Peru Comes Good On Immense 2014 Commitments To Conserving Their Natural Treasures
PICTURED: Organizers and leaders smile on closing of the Amazon portion of Peru’s Natural Legacy. Photo credit Gordon and Betty Moore Foundation.
Sydney, Australia, November 12th, 2014. The 2014 World Parks Congress meets in Sydney to discuss future agendas for the conservation and sustainable management of the world’s protected areas. More than 5000 attended the noble global forum representing world governments, non-governmental organizations, academic and scientific institutions, international organizations, indigenous communities, and conservation groups.
Meeting every 10 years since 1962, previous Congresses have had a significant impact in assisting national governments to create new protected areas, and direct more resources towards biodiversity conservation.
Plotting a course through a tumultuous decade over the eight days of activities and sessions, the 2014 Congress settled on eight objectives as a target for success in conservation and management which included: reach conservation goals, respond to climate change, improve health and well-being, support human life, reconcile different development challenges, enhance diversity and quality of governance, respect indigenous and traditional knowledge culture, and inspire a new generation to prioritize conservation.
Now in 2019, one of the most biodiverse countries in the world has demonstrated that 10 years is more than enough time to achieve such a platform.
Peru’s Natural Legacy
From the glittering glaciers and blue lagoons of Mount Huascarán, to the steamy jungles encompassing the headwaters of the Amazon River, Peru is recognized as one of the world’s 17 megadiverse countries.
Their unique landscapes span lush jungles to the paramo of the high Andes, and from the rainbow mountains to the driest desert on earth. Peru ranks first in the world for its diversity of butterflies and fish, second for its species of birds, fourth for its amphibians, and fifth for its mammals.
5-years since the commitments were made down in sunny Sydney and Peru has officially managed to amass the $140 million required to expand and manage 41.6 million acres of the Peruvian Amazon – one of the most important ecosystems on earth.

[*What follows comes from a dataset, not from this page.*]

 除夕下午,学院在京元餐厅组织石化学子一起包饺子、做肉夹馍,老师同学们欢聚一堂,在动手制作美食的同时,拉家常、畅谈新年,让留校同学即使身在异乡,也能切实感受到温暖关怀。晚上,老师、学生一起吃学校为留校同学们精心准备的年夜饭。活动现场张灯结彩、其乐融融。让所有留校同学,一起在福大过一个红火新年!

Patrimonio Natural del Perú, or “National Parks: Peru’s Natural Legacy,” is a government-led “Project Finance for Permanence” initiative. Kickstarted in 2014 at the World Parks Congress, it aims to establish a system of financial sustainability for Peru’s National Parks, starting with the country’s verdant heart, Manu National Park in the Peruvian Amazon, but reaching out to include 20 million hectares of financially-sustainable and responsibly managed areas.
“The headwaters of the Amazon basin are critical for the social and environmental well-being of Peru and the planet,” explains Avecita Chicchón, program director for the Moore Foundation’s Andes-Amazon Initiative.

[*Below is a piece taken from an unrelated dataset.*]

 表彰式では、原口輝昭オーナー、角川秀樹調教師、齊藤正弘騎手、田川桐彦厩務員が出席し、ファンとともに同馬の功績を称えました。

Financiers for the project included the Government of Peru, the Peruvian Trust Fund for National Parks and Protected Areas (PROFONANPE), World Wildlife Fund, Amazon Andes Fund, the Global Environment Facility, and the Gordon and Betty Moore Foundation.
These days there are plenty of international organizations setting up long-term plans to try and benefit the world – the Paris Climate Accord and the 18 UN Sustainability Goals for 2030 for example.
It’s a grand thing to hear when a country has actually carried through with their commitments, and Peru has gotten off to a flying start.
Just the Right Time
One of the eight goals to emerge out of the 2014 Sydney Congress was to brighten the outlook for world heritage by enhancing conservation work, challenging governments and groups to make World Heritage Sites more resilient in the face of a changing climate, and enhancing the credibility and integrity of World Heritage by making sure the best sites are added, and the existing ones are well-managed.
This initiative was launched off the back of an unprecedented study on Natural Heritage Sites which involved over 500 experts and 228 Heritage Sites over 3 years.
Peru’s commitment to protecting her natural wonders comes at just the right time, as the World Heritage report places several of the most treasured landscapes including the Historic Sanctuary of Machu Picchu, Huascarán National Park, and Manu National Park in critical danger as recently as 2017.
“A quickly advancing development frontier has changed large tracts of a previously remote landscape. Major road infrastructure has been facilitating access and legal and illegal natural resource extraction. This development represents significant threats to the property in the medium and long terms, the effects of which are starting to become visible and are likely to be aggravated by anticipated climate change,” states the report on Manu National Park in the Peruvian Amazon.
However with the closing of the Amazon project, a triumph of special significance for the efficacy of Peru’s Natural Legacy initiative and corresponding funding model has been achieved that gives Peru a solid platform with which to protect even more of her natural treasures.
“By promoting park management and sustainable financing as the cornerstones of collective conservation, the partners who have helped make this closing possible are investing in the natural legacy of one of the world’s most biodiverse nations, for the education, enjoyment and livelihood of generations to come,” reads the corresponding press release on the Gordon and Betty Moore Foundation’s website.